Gafat Armament Engineering Complex
- Formation: January 1986; 40 years ago
- Type: State-owned enterprise
- Location: Bishoftu, Oromia Region, Ethiopia;
- Region served: Ethiopia
- Products: Ak-47, PK machine guns
- Owner: Defense Engineering Industry Corporation
- Representative: Lt.Col Asmeret Kidane
- Parent organization: Metals and Engineering Corporation
- Affiliations: Hibret Manufacturing and Machine Building Industry Homicho Ammunition Engineering Complex Bishoftu Automotive Engineering Industry Dejen Aviation Engineering Industry
- Funding: Government of Ethiopia
- Formerly called: Gafat Engineering Factory

= Gafat Armament Engineering Complex =

Ethiopian arms industry

Gafat Armament Engineering Complex (Amharic: ጋፋት የጦር መሣሪያዎች ኢንጂነሪንግ ኮምፕሌክስ; GAEC) is an Ethiopian arms industry and one of the military production facilities of the Metals and Engineering Corporation. With its headquarters in Bishoftu, it specializes in producing wide range of infantry equipment that meet the requirement of the Ethiopian National Defense Force.

==History==
It was established in January 1986 as the Gafat Engineering Factory to fulfill the need for local manufacture of basic infantry equipment. It initially produced AK-47 automatic rifles and light machine guns, as well as maintenance. It was later expanded to manufacture PK machine guns, and automatic weapons attached on armoured vehicles and helicopters.

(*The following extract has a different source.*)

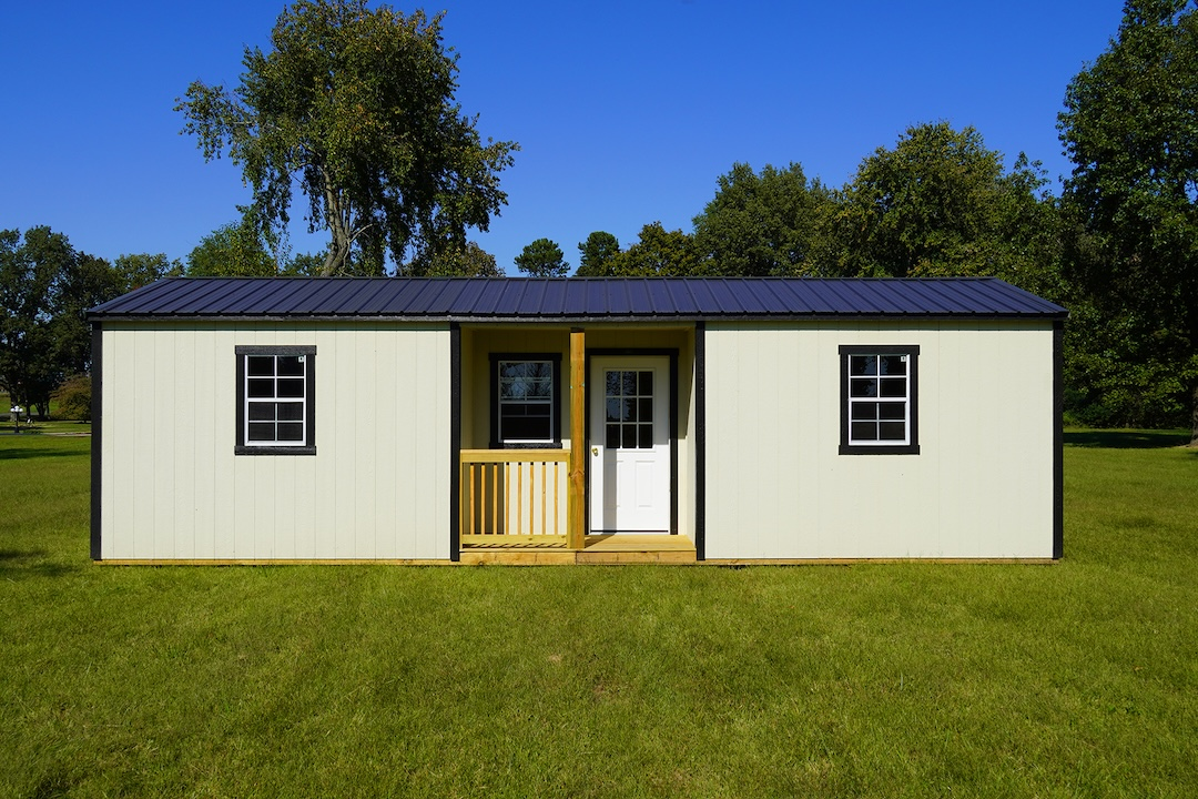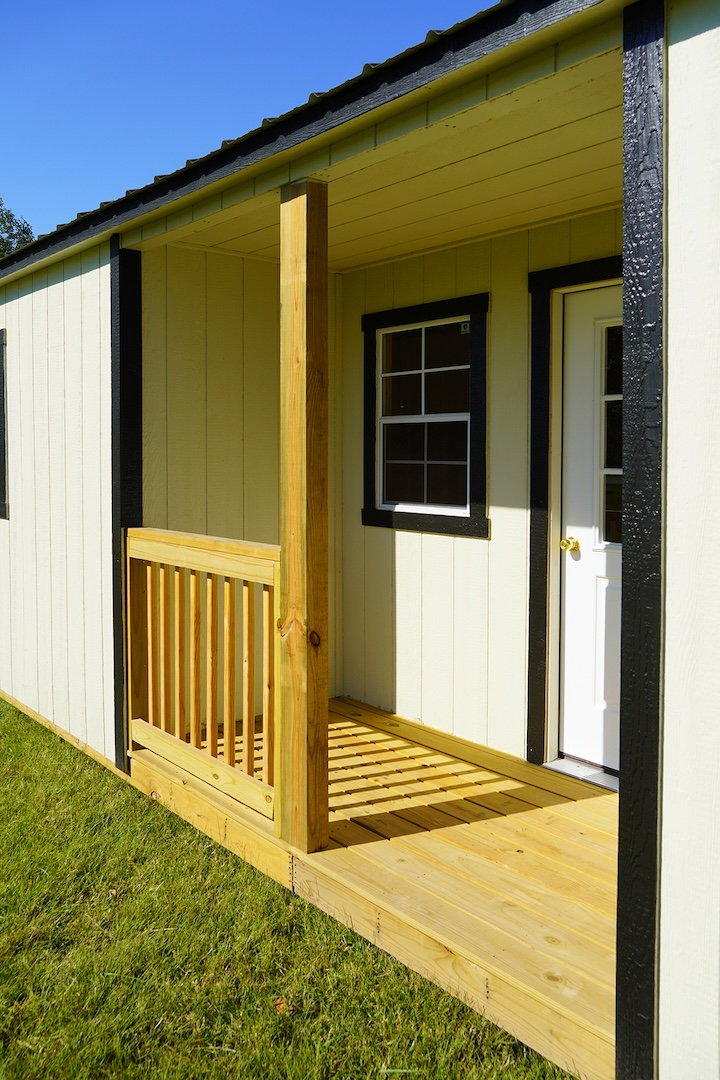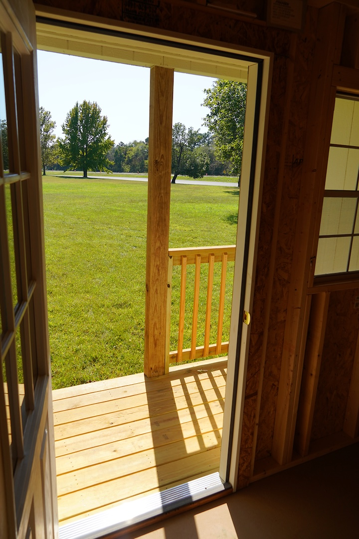 Step through the 9-lite door and enjoy the airy feel of the 92-inch interior walls beneath a low-pitched gable roof. Three 2’x3′ screened windows invite in plenty of natural light while keeping your space comfortable year-round. The 4-foot-deep by 8-foot-long porch serves as a perfect entryway or a peaceful spot to relax and take in the view.

To fully utilize its manufacturing capacity, the complex has diversified by supplying various items for civilian use.

It is often believed that North Korean advisors assisted with manufacturing of small arms.

==Products==

Military products include: various types of automatic rifles and machine guns; 40 mm grenade launchers; various types of guns such as hand guns, strike dispensing guns, etc.; and sniper scopes.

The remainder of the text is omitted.